-- Records provided follows --
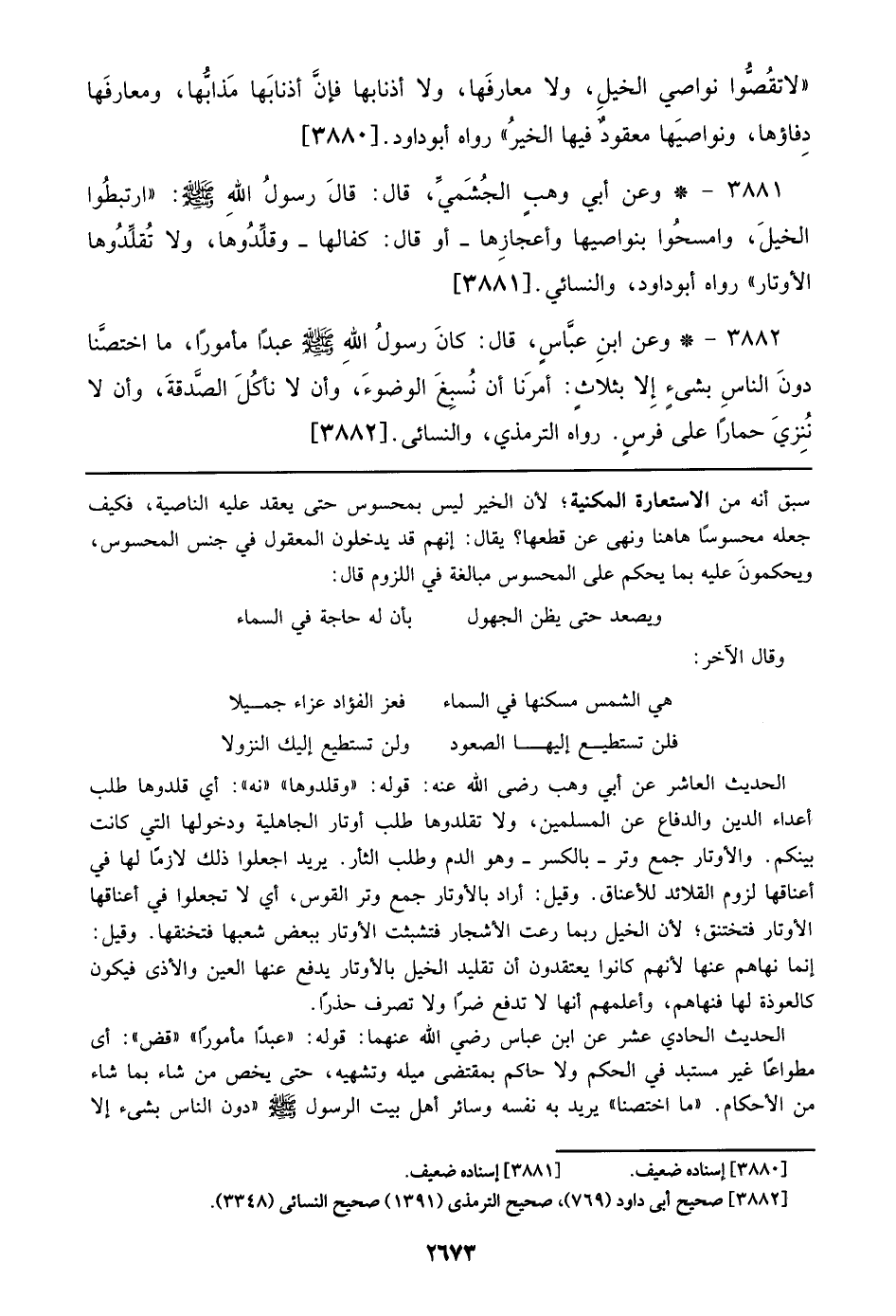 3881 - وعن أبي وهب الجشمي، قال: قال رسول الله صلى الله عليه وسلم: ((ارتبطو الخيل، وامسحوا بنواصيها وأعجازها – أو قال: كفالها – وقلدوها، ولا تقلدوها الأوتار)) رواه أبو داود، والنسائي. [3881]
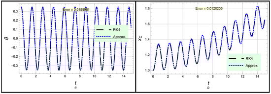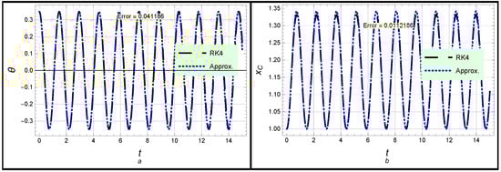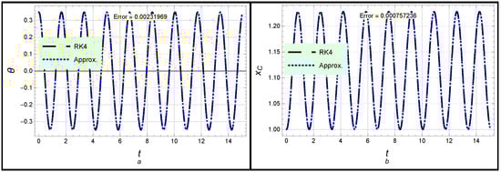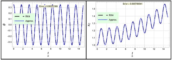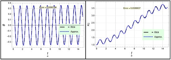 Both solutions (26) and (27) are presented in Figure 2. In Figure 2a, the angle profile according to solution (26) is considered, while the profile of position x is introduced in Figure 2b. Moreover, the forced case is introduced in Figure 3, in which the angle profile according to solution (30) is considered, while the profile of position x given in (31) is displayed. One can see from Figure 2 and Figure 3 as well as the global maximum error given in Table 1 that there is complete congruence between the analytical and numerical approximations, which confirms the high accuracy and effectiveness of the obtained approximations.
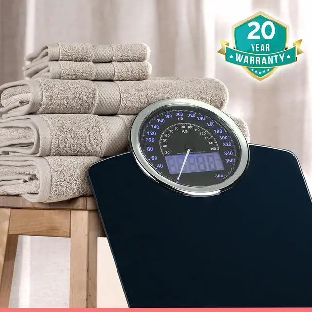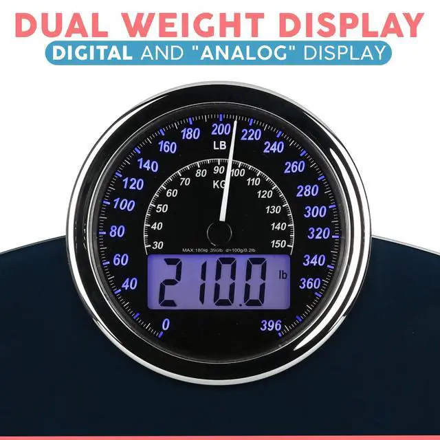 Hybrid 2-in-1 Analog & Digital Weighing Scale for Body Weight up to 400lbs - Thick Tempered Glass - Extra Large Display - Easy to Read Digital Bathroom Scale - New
-- Records provided concluded --
-- Records provided follows --
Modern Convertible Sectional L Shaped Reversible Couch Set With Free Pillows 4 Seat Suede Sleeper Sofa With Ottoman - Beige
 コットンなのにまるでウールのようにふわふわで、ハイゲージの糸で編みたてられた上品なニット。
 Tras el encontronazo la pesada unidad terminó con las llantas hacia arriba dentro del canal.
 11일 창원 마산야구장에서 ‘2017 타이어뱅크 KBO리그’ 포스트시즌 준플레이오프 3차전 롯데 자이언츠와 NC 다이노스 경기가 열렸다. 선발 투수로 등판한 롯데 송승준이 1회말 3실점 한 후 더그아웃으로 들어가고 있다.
-- Records provided concluded --
-- Records provided follows --
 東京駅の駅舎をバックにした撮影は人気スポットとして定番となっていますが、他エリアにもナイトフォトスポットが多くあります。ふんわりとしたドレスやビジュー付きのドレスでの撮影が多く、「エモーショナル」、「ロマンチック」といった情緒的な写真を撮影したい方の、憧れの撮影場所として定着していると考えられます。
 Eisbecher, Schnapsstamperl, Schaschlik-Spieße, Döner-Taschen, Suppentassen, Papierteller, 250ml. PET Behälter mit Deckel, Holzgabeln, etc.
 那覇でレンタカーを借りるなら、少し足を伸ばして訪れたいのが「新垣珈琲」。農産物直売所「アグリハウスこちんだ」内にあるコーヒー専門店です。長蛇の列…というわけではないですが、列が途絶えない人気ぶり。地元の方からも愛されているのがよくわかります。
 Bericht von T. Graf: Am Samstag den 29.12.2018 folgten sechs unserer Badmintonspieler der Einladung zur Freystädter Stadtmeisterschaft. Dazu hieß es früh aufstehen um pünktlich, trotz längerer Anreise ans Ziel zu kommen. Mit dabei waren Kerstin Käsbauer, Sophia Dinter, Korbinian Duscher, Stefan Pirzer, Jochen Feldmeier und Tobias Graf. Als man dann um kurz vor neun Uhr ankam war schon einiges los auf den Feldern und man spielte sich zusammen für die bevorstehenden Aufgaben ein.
-- Records provided concluded --
**The task**
Produce only the lines from the line containing "Tras el encontronazo" through the line containing "11일 창원 마산야구장에서", inclusive of both, exactly as they stand in the entries above.

**Answer below**
 Tras el encontronazo la pesada unidad terminó con las llantas hacia arriba dentro del canal.
 11일 창원 마산야구장에서 ‘2017 타이어뱅크 KBO리그’ 포스트시즌 준플레이오프 3차전 롯데 자이언츠와 NC 다이노스 경기가 열렸다. 선발 투수로 등판한 롯데 송승준이 1회말 3실점 한 후 더그아웃으로 들어가고 있다.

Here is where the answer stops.